From: Matthieu Longo via Gdb <gdb@sourceware.org>
To: gdb@sourceware.org
Cc: Tamar Christina <tamar.christina@arm.com>,
Andre Simoes Dias Vieira <andre.aimoesdiasvieira@arm.com>,
Tom Tromey <tom@tromey.com>,
Simon Marchi <simon.marchi@polymtl.ca>,
Luis Machado <luis.machado@arm.com>,
Andrew Burgess <aburgess@redhat.com>
Subject: [RFC] Allowing GDB to use a more recent version of Python at runtime than it was compiled with
Date: Thu, 29 May 2025 17:14:07 +0100 [thread overview]
Message-ID: <314abf0a-007c-457d-bcc3-c28384b9f098@arm.com> (raw)
## End goal
Allowing GDB to use a more recent version of Python at runtime than it
was compiled with.
## Arm's context
We have a CI building release artifacts of Arm GNU toolchains (GDB is
shipped along the toolchain) on a Linux distribution with the oldest
glibc version among all the distributions that we want to support.
The rationale for using the distribution with the oldest glibc version
is to leverage the ABI backward compatibility of glibc. If we build a C
binary on the old distribution, we expect it to work on more recent
distributions.
Same thing for C++ artifacts. See
https://gcc.gnu.org/onlinedocs/libstdc++/manual/abi.html for more
information.
However, CPython does not provide backward compatibility guarantees as
glibc or libstdc++ does. This means that a GDB compiled against an old
CPython won't run with a more recent CPython due to ABI divergences
between the Python versions [1].
This situation obliges us to provide GDB with two flavors, one with
Python support and one without (in case there is a conflicting version
of Python already installed on the system).
## General packaging difficulties
Usually, Linux distributions embed a default Python version and don't
change it much along the life time of a release. Providing a GDB for a
distribution means that we would have to compile and bundle a GDB for
each of the supported distributions. Given the number of distributions
out there, this approach does not look very sustainable for us (even
using Docker [2]).
Others platforms, like Windows, don't ship Python by default.

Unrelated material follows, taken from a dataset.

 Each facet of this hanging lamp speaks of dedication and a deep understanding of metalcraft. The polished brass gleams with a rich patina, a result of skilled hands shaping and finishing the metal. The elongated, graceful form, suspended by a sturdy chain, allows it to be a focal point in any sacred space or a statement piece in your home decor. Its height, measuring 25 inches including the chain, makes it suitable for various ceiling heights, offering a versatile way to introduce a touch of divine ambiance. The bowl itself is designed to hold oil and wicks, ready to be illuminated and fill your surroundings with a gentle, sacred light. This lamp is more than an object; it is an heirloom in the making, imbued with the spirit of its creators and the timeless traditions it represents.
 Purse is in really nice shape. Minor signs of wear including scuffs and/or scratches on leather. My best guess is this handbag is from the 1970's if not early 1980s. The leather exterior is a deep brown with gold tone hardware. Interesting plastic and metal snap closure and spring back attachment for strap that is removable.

This means
that we cannot know the version of Python that the user has installed or
will install on his machine.
## How does CPython propose to tackle this issue ?
PEP 384 – Defining a Stable ABI [3] and PEP 652 – Maintaining the Stable
ABI [4] defined a Limited API and Stable ABI, which allow extenders and
embedders of CPython to compile extension modules that are
binary-compatible with any subsequent version of 3.x
More details about the current state of this limited API is available at
https://docs.python.org/3/c-api/stable.html
### Experiment: build the master branch of GDB with the Python limited API
I defined `#define Py_LIMITED_API 0x03020000` (Python 3.2: introduction
of the limited API) before `#include <Python.h>` in
gdb/python/python-internal.h, and tried to recompile GDB to have an
rough idea of how many incompatibilities there is.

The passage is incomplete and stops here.